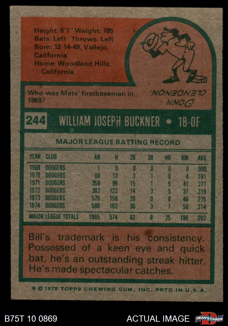 1975 Topps #244 Bill Buckner 7 - NM
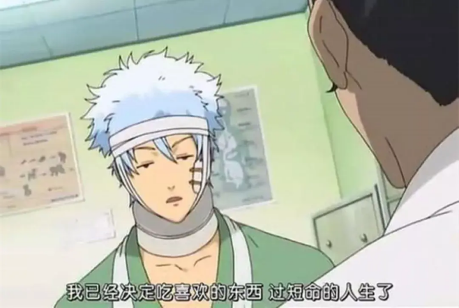 实际上,更有可能收获的是短暂的「健康人生」,然后提早开始承受病痛折磨……图片来源:《银魂》
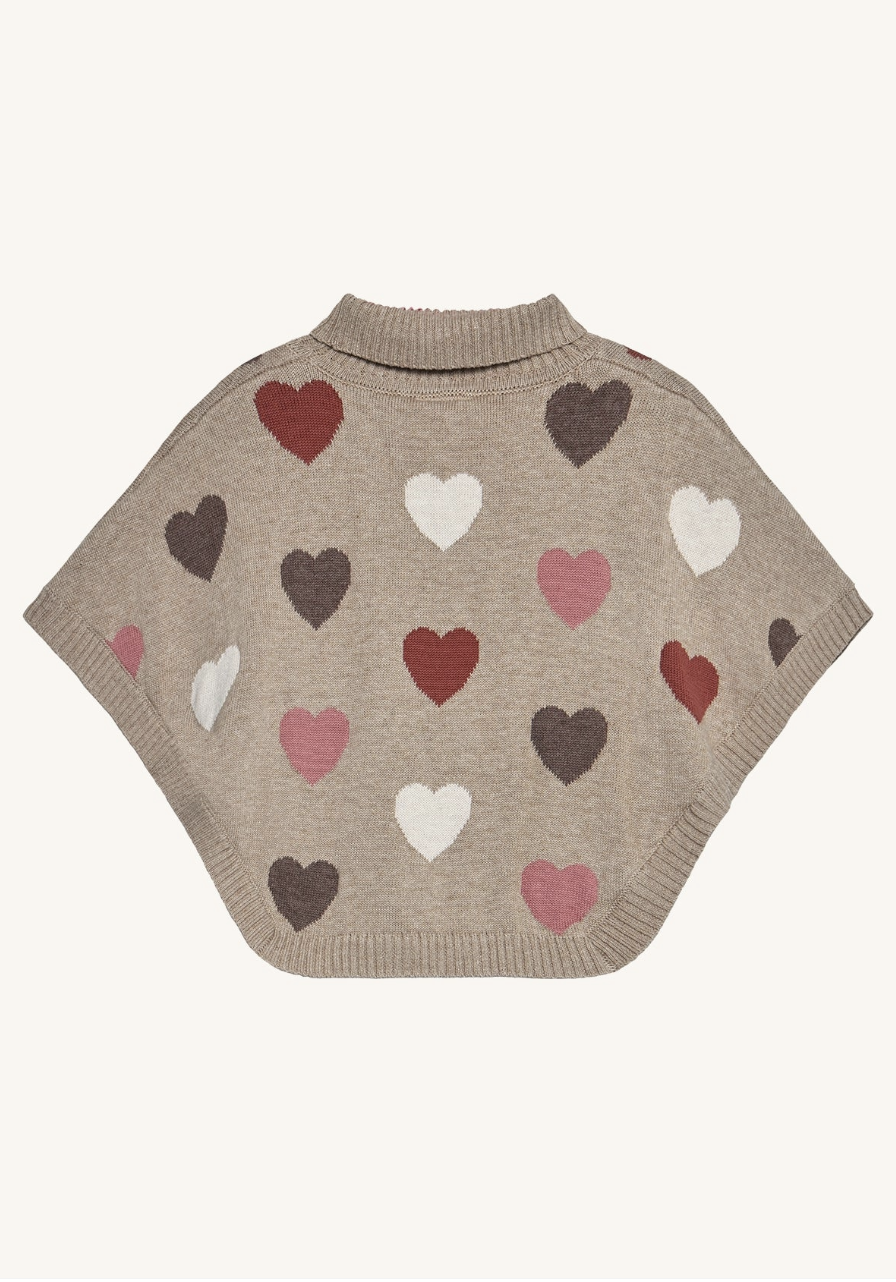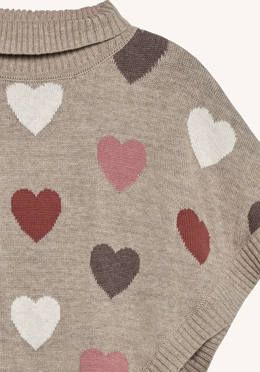 Myk og varm poncho i behagelig strikk med et lekent hjertemønster i fine kontrastfarger. Modellen har en høy hals med ribbekant og avsluttes med ribbestrikk nederst for en god passform. Perfekt å bruke over gensere eller jakker på kjølige dager, samtidig som den gir et søtt og sjarmerende uttrykk.

== Work required ==
Would you transcribe the listing above line by line, exactly, leaving every picture out?

== Task result ==
 1975 Topps #244 Bill Buckner 7 - NM
 实际上,更有可能收获的是短暂的「健康人生」,然后提早开始承受病痛折磨……图片来源:《银魂》
 Myk og varm poncho i behagelig strikk med et lekent hjertemønster i fine kontrastfarger. Modellen har en høy hals med ribbekant og avsluttes med ribbestrikk nederst for en god passform. Perfekt å bruke over gensere eller jakker på kjølige dager, samtidig som den gir et søtt og sjarmerende uttrykk.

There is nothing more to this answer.